Assignment: Write out each line below precisely, passing over the pictures.

Recorded information:
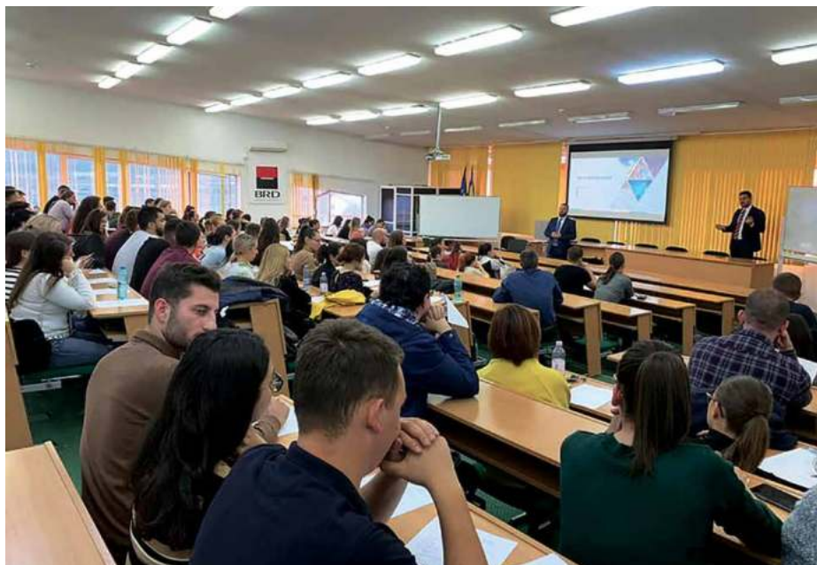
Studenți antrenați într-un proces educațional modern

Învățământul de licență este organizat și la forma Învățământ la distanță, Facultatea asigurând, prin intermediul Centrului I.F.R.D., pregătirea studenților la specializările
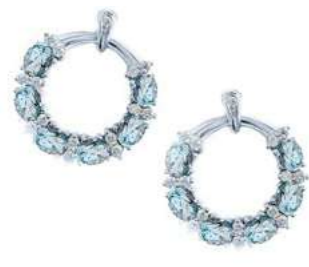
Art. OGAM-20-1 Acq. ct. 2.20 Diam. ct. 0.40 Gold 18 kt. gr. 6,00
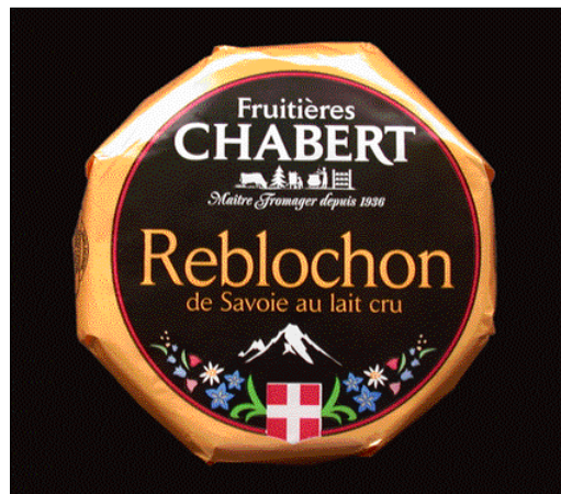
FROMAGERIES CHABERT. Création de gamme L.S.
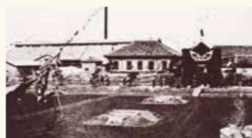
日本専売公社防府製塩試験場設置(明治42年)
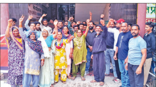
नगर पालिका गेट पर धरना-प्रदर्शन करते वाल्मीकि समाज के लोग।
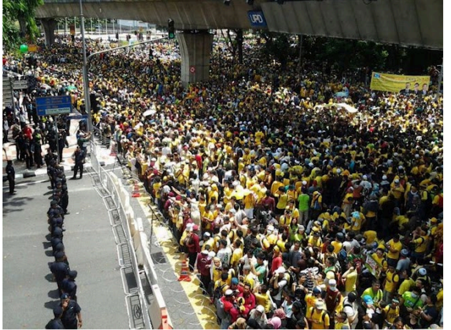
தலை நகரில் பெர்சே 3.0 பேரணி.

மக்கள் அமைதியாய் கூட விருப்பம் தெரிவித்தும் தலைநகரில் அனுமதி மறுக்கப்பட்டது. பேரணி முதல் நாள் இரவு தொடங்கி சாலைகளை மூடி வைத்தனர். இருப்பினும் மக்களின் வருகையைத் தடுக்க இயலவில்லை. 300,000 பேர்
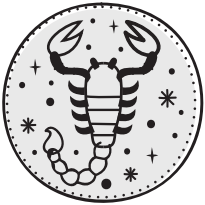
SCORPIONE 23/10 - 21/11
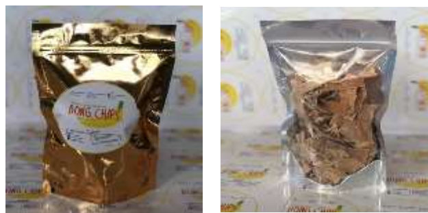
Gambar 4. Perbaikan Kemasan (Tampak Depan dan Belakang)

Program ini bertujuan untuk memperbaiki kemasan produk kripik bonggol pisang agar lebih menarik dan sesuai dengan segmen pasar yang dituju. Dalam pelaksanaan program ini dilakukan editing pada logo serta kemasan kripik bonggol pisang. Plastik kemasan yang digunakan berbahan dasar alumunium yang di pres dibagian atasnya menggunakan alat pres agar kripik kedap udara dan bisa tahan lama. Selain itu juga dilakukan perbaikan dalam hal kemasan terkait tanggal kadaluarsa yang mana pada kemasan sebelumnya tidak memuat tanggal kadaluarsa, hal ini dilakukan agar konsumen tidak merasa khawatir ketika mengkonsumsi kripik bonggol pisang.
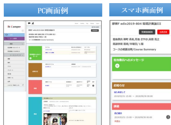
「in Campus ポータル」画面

Response to the exercise:
Studenți antrenați într-un proces educațional modern

Învățământul de licență este organizat și la forma Învățământ la distanță, Facultatea asigurând, prin intermediul Centrului I.F.R.D., pregătirea studenților la specializările
Art. OGAM-20-1 Acq. ct. 2.20 Diam. ct. 0.40 Gold 18 kt. gr. 6,00
FROMAGERIES CHABERT. Création de gamme L.S.
日本専売公社防府製塩試験場設置(明治42年)
नगर पालिका गेट पर धरना-प्रदर्शन करते वाल्मीकि समाज के लोग।
தலை நகரில் பெர்சே 3.0 பேரணி.

மக்கள் அமைதியாய் கூட விருப்பம் தெரிவித்தும் தலைநகரில் அனுமதி மறுக்கப்பட்டது. பேரணி முதல் நாள் இரவு தொடங்கி சாலைகளை மூடி வைத்தனர். இருப்பினும் மக்களின் வருகையைத் தடுக்க இயலவில்லை. 300,000 பேர்
SCORPIONE 23/10 - 21/11
Gambar 4. Perbaikan Kemasan (Tampak Depan dan Belakang)

Program ini bertujuan untuk memperbaiki kemasan produk kripik bonggol pisang agar lebih menarik dan sesuai dengan segmen pasar yang dituju. Dalam pelaksanaan program ini dilakukan editing pada logo serta kemasan kripik bonggol pisang. Plastik kemasan yang digunakan berbahan dasar alumunium yang di pres dibagian atasnya menggunakan alat pres agar kripik kedap udara dan bisa tahan lama. Selain itu juga dilakukan perbaikan dalam hal kemasan terkait tanggal kadaluarsa yang mana pada kemasan sebelumnya tidak memuat tanggal kadaluarsa, hal ini dilakukan agar konsumen tidak merasa khawatir ketika mengkonsumsi kripik bonggol pisang.
「in Campus ポータル」画面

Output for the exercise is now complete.